■05.優しさ
目的優先なんて口先では言っているけれど、人一倍情に厚いことは知っている。
人造人間に襲撃に遭った時は、放っておけば敵の追求を逃れられるのに、助けに来て。
重傷を負った、或いは生きることを諦めた部下を捨てることが出来なくて。
司令部に乗り込んだ時は、何かあったら君だけでも逃げろと言って。
エドワード君を、理不尽を呑みこめない子どものような扱いをするけれど、それは、彼をかつての自分に重ねているからだ。

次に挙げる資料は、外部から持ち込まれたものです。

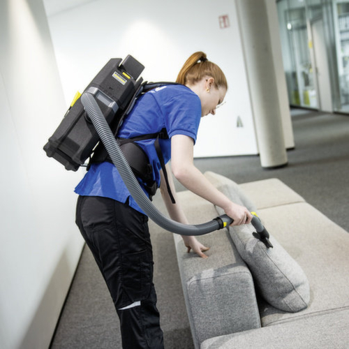 Unser ultraleichter, leistungsstarker und akkubetriebener Rucksacksauger BVL 5/1 Bp ist der erste Sauger, der dank des innovativen EPP-Materials nur < 4,6 kg (Rückentragegewicht) wiegt und dessen Materialeigenschaften gleichzeitig eine besondere Robustheit und Langlebigkeit ermöglichen. Mit einer Leistung von 500 Watt, langer Akkulaufzeit und einem 5 Liter großen Sammelbehälter ist der Rücken-Staubsauger überall dort erste Wahl, wo enge Platzverhältnisse die Reinigungsarbeiten erschweren – ob im Kino, im Flugzeug, in Bussen, Bahnen, bei der Büroreinigung oder auch auf Treppen. Das ergonomische Tragegestell und die durchdachte Bedienung, bei der alle wichtigen Betriebs- und Zusatzfunktionen über ein Bedienfeld am Hüftgurt gesteuert werden, sowie das einfache, für Rechts- und Linkshänder ausgelegte Handling sorgen für komfortables, ermüdungsfreies Arbeiten. Der bürstenlose EC-Motor ist zudem sehr beständig gegen Verschleiß. Diverse Zubehöre werden mitgeliefert, auch ein HEPA-14-Filter ist optional erhältlich. Bitte beachten Sie bei Ihrer Bestellung, dass bei dieser Geräteversion der kraftvolle Kärcher Battery Power+-Akku sowie das zugehörige Ladegerät separat zu bestellen sind.

「本当に度胸がありますね、ホークアイ中尉。少しでも情報を引き出そうって魂胆ですか」
ずるずると、背後で何かがうごめくのを感じる。
グラトニーに背中を取られた時よりも、ずっと恐ろしい。
冷たい汗が背中を行く筋も流れた。
「面白いですね。貴女、こちらの仲間になりませんか」
「冗談を。仲間ではなく都合のよい人間の駒が欲しいだけでしょう?」
銃は抜く気すら起きなかった。多少の劣勢ならばひっくり返す自信はあるが、とてもそのような差異では無い。
圧倒的な強さと言うものを、漠然と感じた。
無遠慮に巻き付いてくるそれは、気分が悪い。
だが、それは脅しであって、殺すつもりはないと思う。
今、ここで自分を殺しても相手側に何のメリットもないからだ。
大総統補佐は、事実上の人質。人質を殺しても、相手に火を付けてしまうだけだ。
逆に、枷が無くなった分、自由に動ける。
「そうでしょうか?彼は人柱候補ですよ?」
メリットは無いと言えば、自ら傲慢と名乗った人造人間は笑みを見せた。
「あなたたち人間は弱い。だから彼は貴女が死ねば扉を開く」
以前会った人造人間が言っていた。扉を開けた人間は人柱確定だと。
「―――弱い?優しさの間違いでしょう?」
人質の位置は、言い換えれば相手の寝首を掻けると言うことでもある。
リザは精一杯、平静を装った。
「それこそが、強さの裏付け――違うかしら?」
それを聞いて、もう一度傲慢は嗤った。
「似たことを、憤怒が言っていましたね―――優しさこそが強さの裏付けとは巧く言ったものです」
蠢いていたそれは、徐々に引いていった。
「口外すればどうなるか分かっていますね。仲間やマスタング大佐もただでは済みませんよ」
振り向いたときには、影とともに子息の姿は消えていた。
錬金術でも人間の成す技からもかけ離れたそれに、恐怖のあまりの幻覚かと思ったが、手首上の傷が現実だったと物語っている。頬にも擦過傷が出来ていた。
「――――」
長く息を吐いて、踵を返す。心臓の脈打つそれが早いことを自覚せずには居られなかった。
END
Date:2010.05.28
ホムンクルスと大佐の違いはそこなんだろうなぁ、と。
アルの言う同族嫌悪じゃないですけど、大佐もエドに共通点を見てるんじゃないかなって。